Pictures excluded, return the lines below from the first through the line holding "김광석길 영화관은 이달".

TASK MATERIAL below:

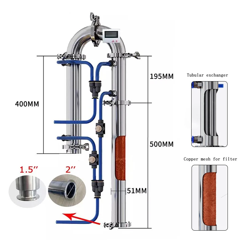 Трубчатая дистилляционная башня для спиртных напитков, бренди, виски, водки, самогона и оборудования с медной сеткой 1,5 дюйма, 2 дюйма
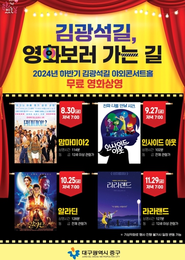 김광석길 영화관은 이달 30일 그리스의 시원한 배경을 보며 늦여름의 무더위를 잠시나마 잊을 수 있는 영화 ‘맘마미아2’ 상영을 시작으로 ▲9월 ’인사이드 아웃‘▲10월 ’알라딘‘ ▲11월 ’라라랜드‘까지 매달 테마를 정해 주제에 맞는 다양한 영화를 무료로 상영한다.
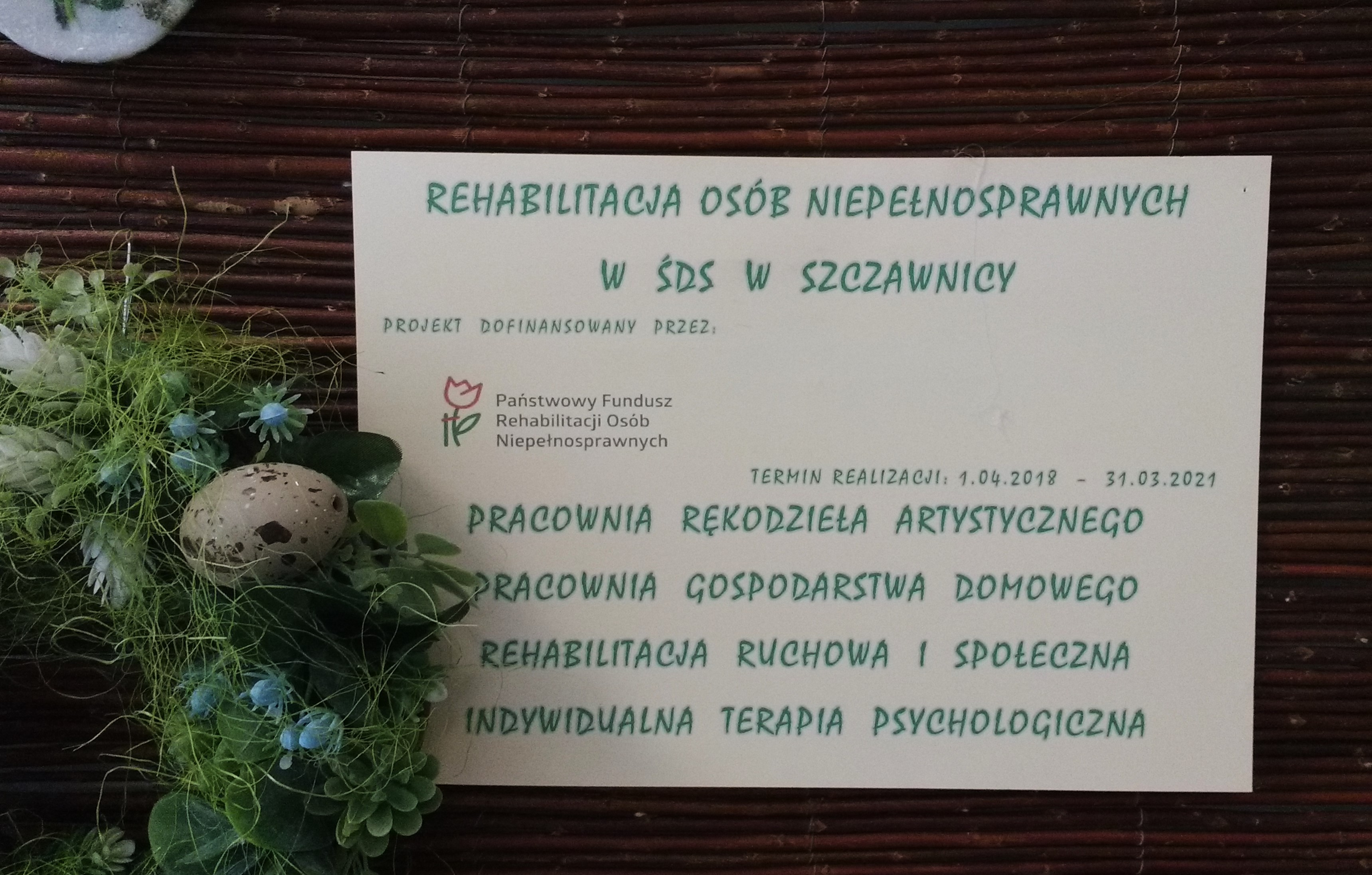 Wydarzenie zorganizowało Polskie Stowarzyszenie na Rzecz Osób z Niepełnosprawnością Intelektualną Koło w Szczawnicy w ramach projektu ”Rehabilitacja Osób Niepełnosprawnych w ŚDS w Szczawnicy” dofinansowanego ze środków PFRON. Projekt obejmuje wsparciem 24 osoby z niepełnosprawnościami dofinansowując pracownię rękodzieła artystycznego, pracownię gospodarstwa domowego, rehabilitację ruchową i społeczną oraz indywidualną terapię psychologiczną. Kwota dofinansowania ze środków PFRON w pierwszym roku realizacji projektu wyniosła 278 549,50 zł.
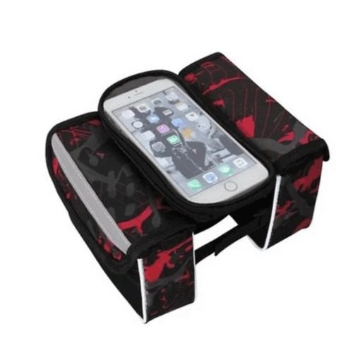 Este bolso permite llevar smartphones en el centro y a los costados cualquier tipo de accesorio. Se monta en la parte delantera, de la bici sobre el caño y sten.
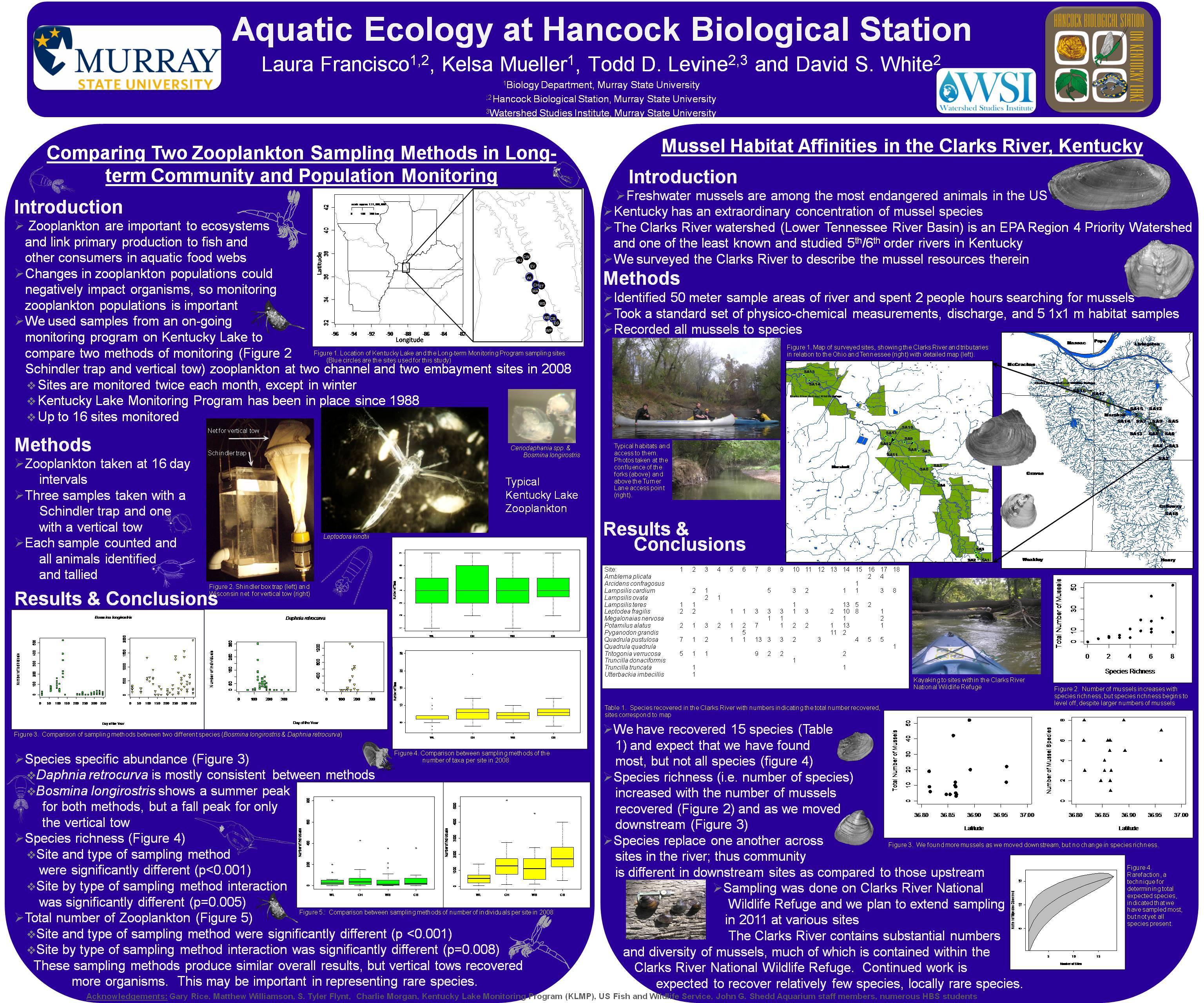 My research interests are centered on patterns in ecology across landscapes and through time. I am especially interested in the interplay of spatial and temporal dynamics and have a strong interest in understanding how obligate linkages between populations affect these dynamics, including parasite, mutualist and predator-prey relationships.Most of my work takes place in aquatic ecosystems and I have a deep interest in how these habitats affect the organisms living in them and, in turn, are affected by their inhabitants . My current work, as a post-doctoral researcher at Hancock Biological Station, addresses these topics using a variety of aquatic animals in Kentucky Lake and the Midwest. For example, I am describing long-term (ca. 20 years) population patterns in space and time of zooplankton in Kentucky Lake.

End of TASK MATERIAL.

▶ _RESPONSE AREA_
 Трубчатая дистилляционная башня для спиртных напитков, бренди, виски, водки, самогона и оборудования с медной сеткой 1,5 дюйма, 2 дюйма
 김광석길 영화관은 이달 30일 그리스의 시원한 배경을 보며 늦여름의 무더위를 잠시나마 잊을 수 있는 영화 ‘맘마미아2’ 상영을 시작으로 ▲9월 ’인사이드 아웃‘▲10월 ’알라딘‘ ▲11월 ’라라랜드‘까지 매달 테마를 정해 주제에 맞는 다양한 영화를 무료로 상영한다.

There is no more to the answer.